=== Problem statement ===
An exact retyping of all lines below is the answer; pictures do not belong in it.

======== Given records ========

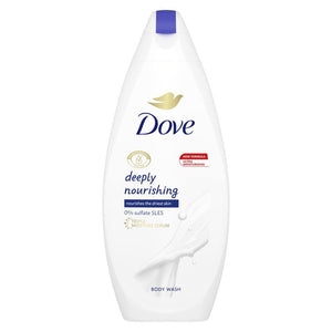 Enjoy softer, smoother skin after just one shower with Dove Deeply Nourishing Body Wash. Dove s moisturising and microbiome gentle formula provides instant softness and lasting care for your skin. Dove s nourishing formula ensures your microbiome (your skin’s living protective layer) is given the nutrients it needs to protect itself and minimise skin dryness. This moisturising body wash is made with mild cleansers to help your skin maintain its natural balance and deliver skin nourishment simultaneously. The mild, gentle formula is kind to your skin, making Dove Deeply Nourishing Body Wash better for all skin types. For better results, simply squeeze onto a shower puff or your hands and massage all over your body before rinsing thoroughly. Use this nourishing body wash as part of your daily shower routine for softer, smoother skin. All Dove skin care products are cruelty-free accredited by PETA.IngredientsAqua, Cocamidopropyl Betaine, Sodium Hydroxypropyl Starch Phosphate, Lauric Acid, Sodium Lauroyl Glycinate, Sodium Lauroyl Isethionate, Hydrogenated Soybean Oil, Sodium Chloride, Helianthus Annuus Seed Oil, Glycerin, Parfum, Guar Hydroxypropyltrimonium Chloride, Dmdm Hydantoin, Citric Acid, Sodium Hydroxide, Stearic Acid, Sodium Benzoate, Sodium Isethionate, Palmitic Acid, Tetrasodium Edta, Butylene Glycol, Capric Acid, Caprylic Acid, Iodopropynyl Butylcarbamate, Benzyl Alcohol, Citronellol, Hexyl Cinnamal, Limonene, LinaloolSafety WarningN/ANone declaredManufacturer Contact InformationUnilever House Springfield Drive Leatherhead Kt22 7Gr
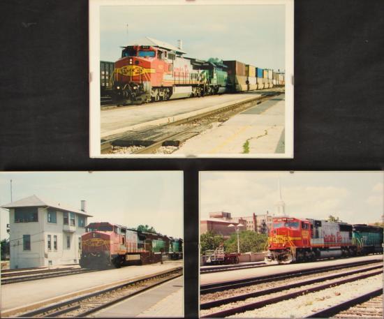 Shown here are three vintage photographs of Burlington Northern Santa Fe locomotives complete with clip-frames. Add these classic photographs to your BNSF collection today! Photo 1 Dimensions with frame: 8 by 10 inches Engine numbers: 845 and 6846
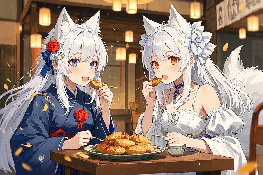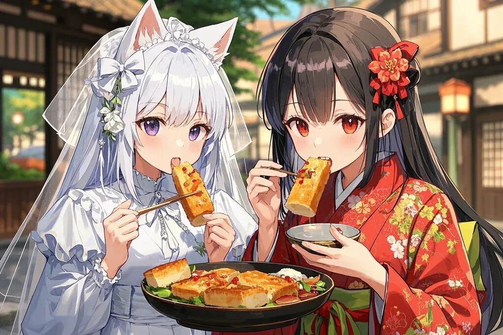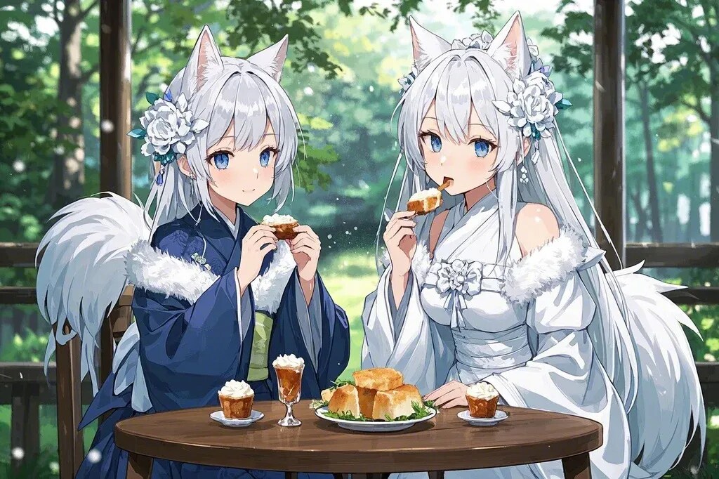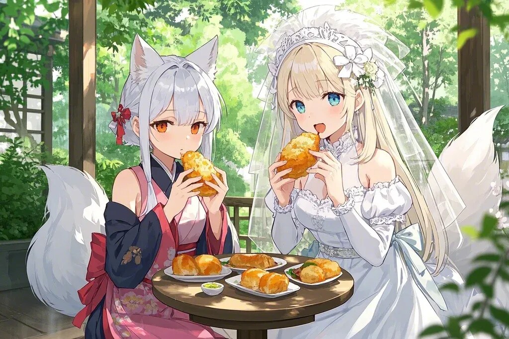 御神体様と厚揚げを食べるうちのポンコツ白キツネ
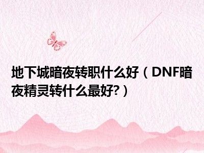 相信目前很多小伙伴对于DNF暗夜精灵转什么最好?都比较感兴趣,那么小编今天在网上也是收集了一些与DNF暗夜精灵转什么最好?相关的信息来分
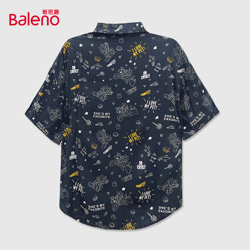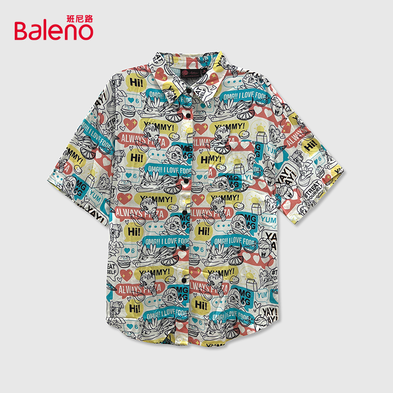 班尼路2025夏季新款女装littlepony满地印短袖衬衫薄款时尚沙滩服
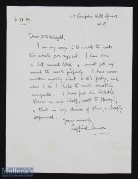 SASSOON (SIEGFRIED) poet. Fine autograph letter signed, dated June 12th 1930, 1p sm4to. To Mr Wright: 'I am very sorry to be unable to write the article you suggest. I have been a bit unwell lately & cannot get my mind to work properly. I have never written anything about E[dmund]B[lunden's] poetry and when I do I hope to write something adequate. I have put his Collected Poems on my shelf, next to Hardy's & that is my opinion of them - briefly expressed…'
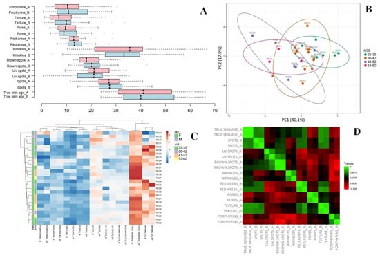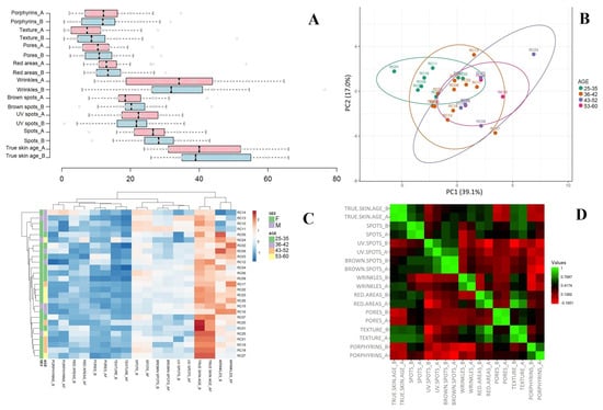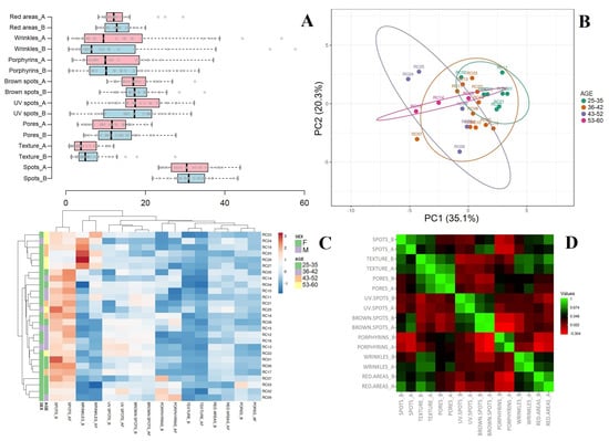The data are represented as means ± standard deviation. Box plots were generated using the ggplot2 package. Principal component analysis (PCA) was employed to visualize trends associated with the age groups and evaluated skin parameters according to each side of facial characteristics. Pearson’s correlation coefficients were constructed to evaluate the associations before and after 5 weeks of topical treatment with rosehip with the assessed skin parameters. Heatmaps and hierarchical cluster analysis (HCA) were created, employing the Euclidean distance to point out the resemblances and distinctions in the improvements or detrimental effects imposed by the topical application of rosehip oil. The packages used included cluster R, dendextend, and ggplot from the R database (version 2024.12.1).
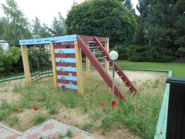 Была ещё песочница, ожидающая внуков и рядом с ней клён с круглой кроной, требующей ежегодной дизайнерской обрезки-подстрижки.
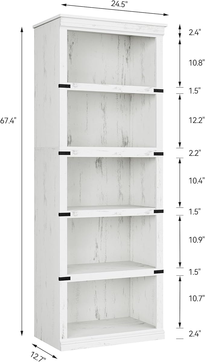 GAOMON 5 Tier Bookcase, Farmhouse Book Shelf with Storage, 67.4 Inch Tall Open Display Bookshelves, Wooden 5 Shelf Bookcase for Living Room, Bedroom-White
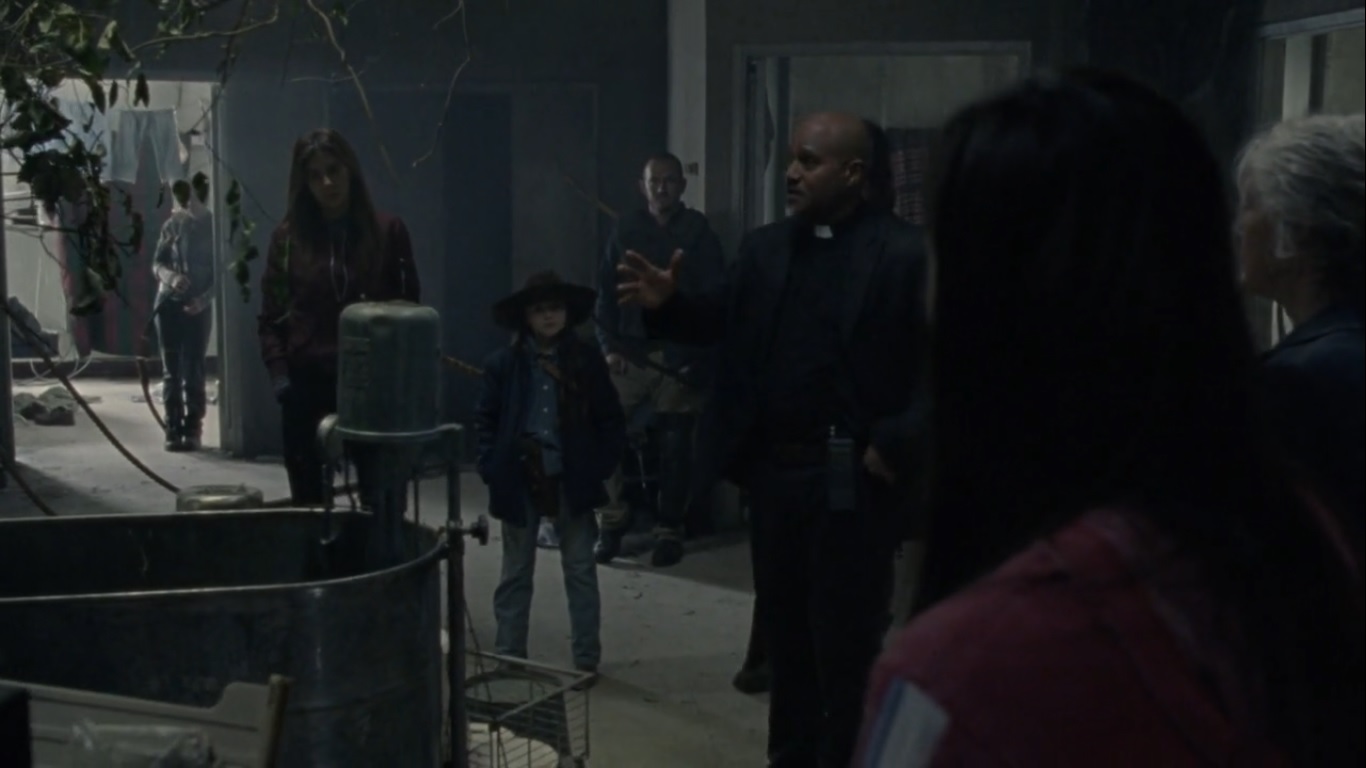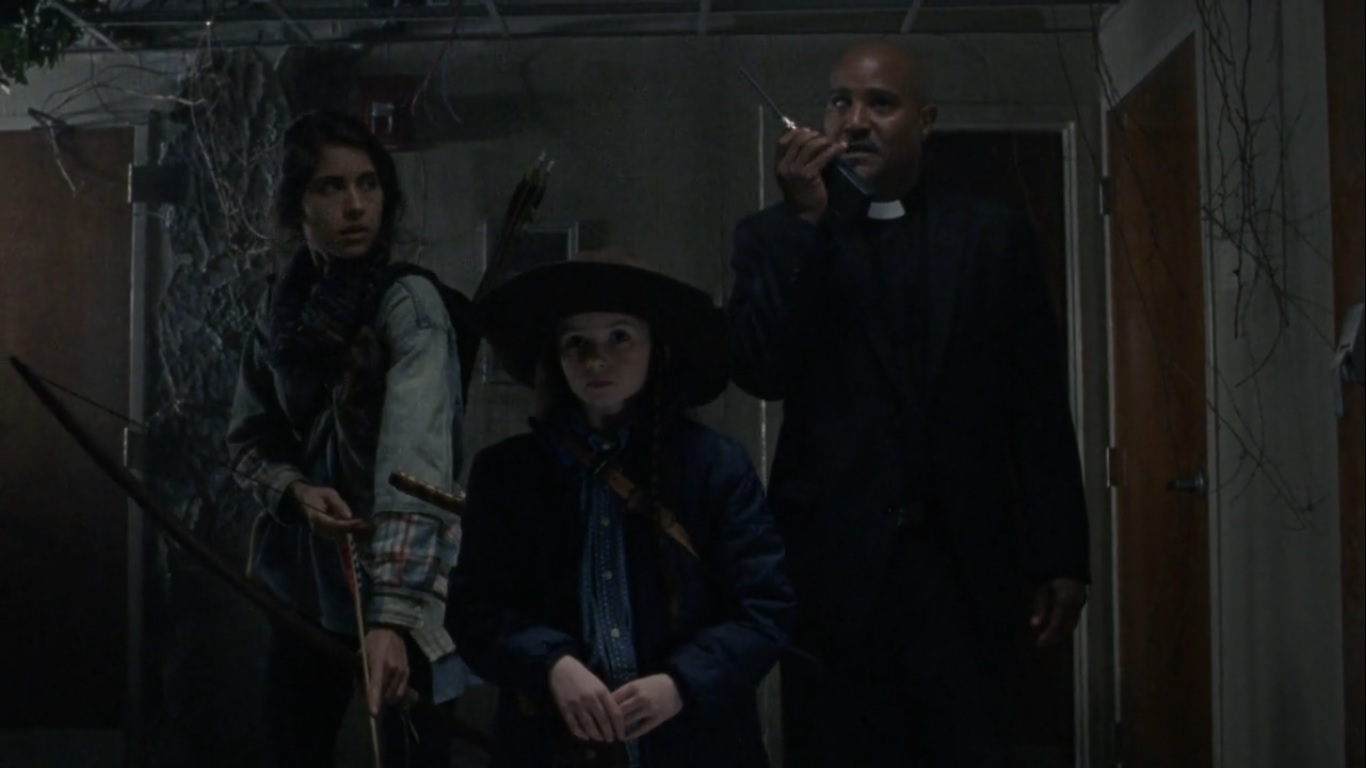 Lydia realizes that Beta is onto them, but Rachel has her sights on a Whisperer. Before she can fire, they hear an explosion- one of the Whisperers tripped Daryl’s trap. Judith retreats as everyone realizes that the Whisperers are headed upstairs. The survivors start setting up barriers while Gabriel goes over the extraction plan. Children and the wounded go second, and if Rosita argues…then someone needs to grab Gabriel.
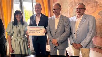 Als Gastgeschenk zum 20. Städtepartnerschaftsjubiläum überreichte die Hansestadt Anklam einen Scheck über € 1.000 für Kinder-, Jugend- und Seniorenarbeit in Limbazi
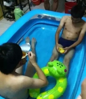 對(duì)于沒(méi)有空調(diào)的宿舍,夏天是最難熬的??磥?lái)為了避暑,童鞋們想盡了各種奇葩招數(shù)??!宿舍居然還有泳池!!很清涼啊?。∮心居校。?!
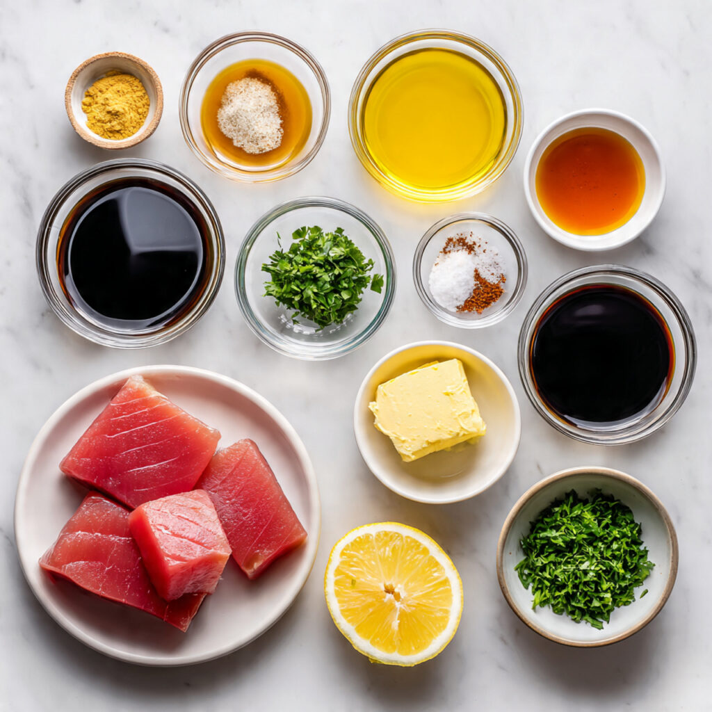 These ingredients work together to create a savory, slightly tangy, and gently sweet flavor profile that enhances the natural richness of the tuna.
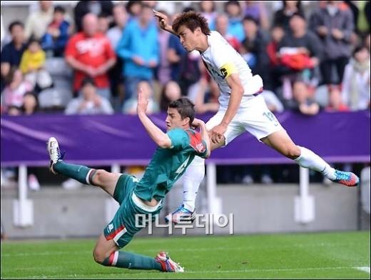 전반 38분 한국은 이날 가장 좋은 장면을 만들었다. 박주영이 페널티 에어리어 정면에 서 있던 김보경에게 패스를 찔러줬고, 이 공을 김보경이 구자철에게 내준 뒤 구자철이 오른발 슈팅을 때렸지만 수비수에 걸리며 튀어나왔다.
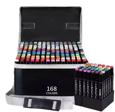 Set De Plumones 168 Marcadores Touch Plumones Doble Punta Reconocimiento rápido del color: 168 rotuladores de dibujo con tapas codificadas por colores que permiten identificar rápidamente los colores, mejorando la eficiencia de pintura. Los marcadores son confiables, permanentes y no tóxicos.
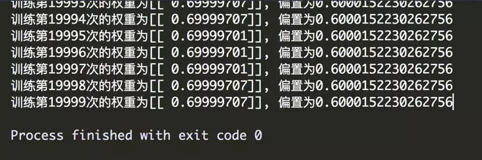 print("训练第{}次的权重为{}, 偏置为{}".format(i,weight.eval(), bias.eval()))

========

=== Solved exercise ===
 Enjoy softer, smoother skin after just one shower with Dove Deeply Nourishing Body Wash. Dove s moisturising and microbiome gentle formula provides instant softness and lasting care for your skin. Dove s nourishing formula ensures your microbiome (your skin’s living protective layer) is given the nutrients it needs to protect itself and minimise skin dryness. This moisturising body wash is made with mild cleansers to help your skin maintain its natural balance and deliver skin nourishment simultaneously. The mild, gentle formula is kind to your skin, making Dove Deeply Nourishing Body Wash better for all skin types. For better results, simply squeeze onto a shower puff or your hands and massage all over your body before rinsing thoroughly. Use this nourishing body wash as part of your daily shower routine for softer, smoother skin. All Dove skin care products are cruelty-free accredited by PETA.IngredientsAqua, Cocamidopropyl Betaine, Sodium Hydroxypropyl Starch Phosphate, Lauric Acid, Sodium Lauroyl Glycinate, Sodium Lauroyl Isethionate, Hydrogenated Soybean Oil, Sodium Chloride, Helianthus Annuus Seed Oil, Glycerin, Parfum, Guar Hydroxypropyltrimonium Chloride, Dmdm Hydantoin, Citric Acid, Sodium Hydroxide, Stearic Acid, Sodium Benzoate, Sodium Isethionate, Palmitic Acid, Tetrasodium Edta, Butylene Glycol, Capric Acid, Caprylic Acid, Iodopropynyl Butylcarbamate, Benzyl Alcohol, Citronellol, Hexyl Cinnamal, Limonene, LinaloolSafety WarningN/ANone declaredManufacturer Contact InformationUnilever House Springfield Drive Leatherhead Kt22 7Gr
 Shown here are three vintage photographs of Burlington Northern Santa Fe locomotives complete with clip-frames. Add these classic photographs to your BNSF collection today! Photo 1 Dimensions with frame: 8 by 10 inches Engine numbers: 845 and 6846
 御神体様と厚揚げを食べるうちのポンコツ白キツネ
 相信目前很多小伙伴对于DNF暗夜精灵转什么最好?都比较感兴趣,那么小编今天在网上也是收集了一些与DNF暗夜精灵转什么最好?相关的信息来分
 班尼路2025夏季新款女装littlepony满地印短袖衬衫薄款时尚沙滩服
 SASSOON (SIEGFRIED) poet. Fine autograph letter signed, dated June 12th 1930, 1p sm4to. To Mr Wright: 'I am very sorry to be unable to write the article you suggest. I have been a bit unwell lately & cannot get my mind to work properly. I have never written anything about E[dmund]B[lunden's] poetry and when I do I hope to write something adequate. I have put his Collected Poems on my shelf, next to Hardy's & that is my opinion of them - briefly expressed…'
The data are represented as means ± standard deviation. Box plots were generated using the ggplot2 package. Principal component analysis (PCA) was employed to visualize trends associated with the age groups and evaluated skin parameters according to each side of facial characteristics. Pearson’s correlation coefficients were constructed to evaluate the associations before and after 5 weeks of topical treatment with rosehip with the assessed skin parameters. Heatmaps and hierarchical cluster analysis (HCA) were created, employing the Euclidean distance to point out the resemblances and distinctions in the improvements or detrimental effects imposed by the topical application of rosehip oil. The packages used included cluster R, dendextend, and ggplot from the R database (version 2024.12.1).
 Была ещё песочница, ожидающая внуков и рядом с ней клён с круглой кроной, требующей ежегодной дизайнерской обрезки-подстрижки.
 GAOMON 5 Tier Bookcase, Farmhouse Book Shelf with Storage, 67.4 Inch Tall Open Display Bookshelves, Wooden 5 Shelf Bookcase for Living Room, Bedroom-White
 Lydia realizes that Beta is onto them, but Rachel has her sights on a Whisperer. Before she can fire, they hear an explosion- one of the Whisperers tripped Daryl’s trap. Judith retreats as everyone realizes that the Whisperers are headed upstairs. The survivors start setting up barriers while Gabriel goes over the extraction plan. Children and the wounded go second, and if Rosita argues…then someone needs to grab Gabriel.
 Als Gastgeschenk zum 20. Städtepartnerschaftsjubiläum überreichte die Hansestadt Anklam einen Scheck über € 1.000 für Kinder-, Jugend- und Seniorenarbeit in Limbazi
 對(duì)于沒(méi)有空調(diào)的宿舍,夏天是最難熬的??磥?lái)為了避暑,童鞋們想盡了各種奇葩招數(shù)??!宿舍居然還有泳池!!很清涼啊?。∮心居校。?!
 These ingredients work together to create a savory, slightly tangy, and gently sweet flavor profile that enhances the natural richness of the tuna.
 전반 38분 한국은 이날 가장 좋은 장면을 만들었다. 박주영이 페널티 에어리어 정면에 서 있던 김보경에게 패스를 찔러줬고, 이 공을 김보경이 구자철에게 내준 뒤 구자철이 오른발 슈팅을 때렸지만 수비수에 걸리며 튀어나왔다.
 Set De Plumones 168 Marcadores Touch Plumones Doble Punta Reconocimiento rápido del color: 168 rotuladores de dibujo con tapas codificadas por colores que permiten identificar rápidamente los colores, mejorando la eficiencia de pintura. Los marcadores son confiables, permanentes y no tóxicos.
 print("训练第{}次的权重为{}, 偏置为{}".format(i,weight.eval(), bias.eval()))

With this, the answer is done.